Fashionista has been reading a recent decision about a two stripe trade mark on sports shoes.  The case concerned an application for a Community trade mark, a position mark, consisting of “two parallel lines positioned on the outside surface of the upper part of a shoe…the parallel lines run from the sole edge of a shoe and slope backwards to the middle of the instep of a shoe.  The dotted line marks the position of the trade mark and does not form part of the mark” (as seen on the representation below).



Adidas filed an opposition and this was initially rejected both by OHIM’s Opposition Division and the Board of Appeals.  Both those decisions were overturned by the decision of the General Court.  Adidas relied on a number of its figurative registered and unregistered marks consisting of three parallel stripes positioned on the side of the shoe, which run from the edge of the sole and slope backwards to the middle of the instep of the shoe.  The decision in Adidas’ favour was based on its mark depicted below which consists of “three parallel equally spaced stripes applied to footwear, the stripes positioned on the footwear upper in the area between the laces and the sole”.  When Fashionista compares the two stripe trainers above to Adidas’ 3 stripe version below, she’s not confused, but then Fashionista is unlikely to be the average consumer!


The General Court criticised the Board of Appeal’s failure to consider all the elements of the marks when assessing confusing similarity.  The Board had dismissed the two stripes as ‘banal decorative elements’ and so didn’t place a great deal of importance on these when comparing the marks, placing more emphasis on what they considered to be the ‘decisive factors’, being the different number of stripes and the different respective positions and inclination of the stripes.  The General Court said this was wrong because Adidas’ 3 stripe mark enjoys a very high degree of reputation and this supported a finding of confusing similarity given the average consumer’s degree of attention to the design of sport shoes.  While consumers do pay attention to the design of the outside of the shoe and general configuration, they tend not to focus on the specific positioning or inclination of the stripes.
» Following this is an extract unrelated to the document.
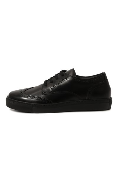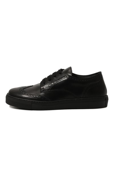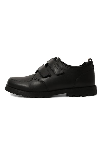 Дерби на протекторной подошве выполнили из гладкой кожи. Пару с текстильной внутренней отделкой и петлей с фирменным триколором на заднике украсили тисненым логотипом на одном из двух ремешком велкро.
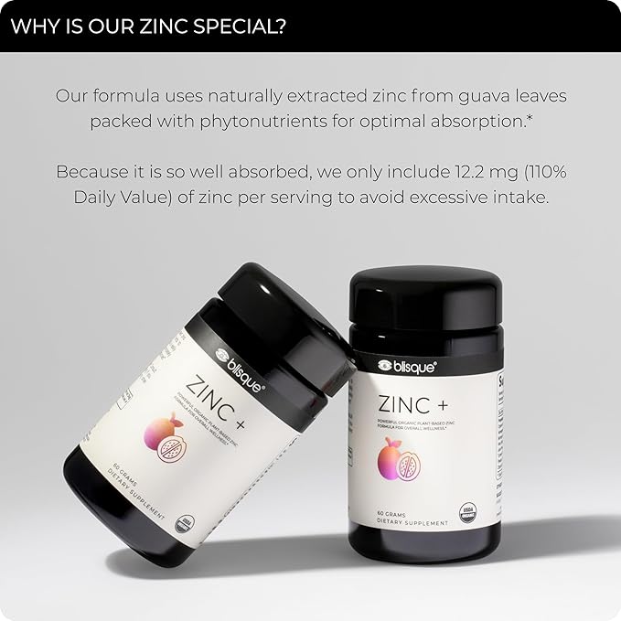 - PREMIUM ORGANIC QUALITY: Blisque ZINC + uses only certified organic ingredients that you can feel good about. It's manufactured in the USA in a state-of-the-art certified cGMP NSF facility. We AVOID fillers and harmful components, including animal by-products, artificial colors, artificial preservatives, artificial sweeteners, corn, gluten, magnesium stearate, parabens, soy, silicon dioxide, and wheat. Why? Because your well-being is our priority.

The General Court decided that the reduced number of stripes was not a sufficient difference to outweigh the similarities.  Some may argue that if a mark enjoys such a high degree of reputation in its 3 stripes, then most consumers would surely not be confused when faced with sports shoe that had only 2.  However, the test for trade mark infringement has never been premised on actual confusion. Fashionista can understand why Adidas objected to a third party shoe maker seeking its own trade mark for stripes on a sports shoe.  Only brands like Adidas who have invested over years to achieve a substantial reputation and therefore demonstrate acquired distinctiveness should be able to monopolise something which would otherwise be a decorative adornment, available for use by all.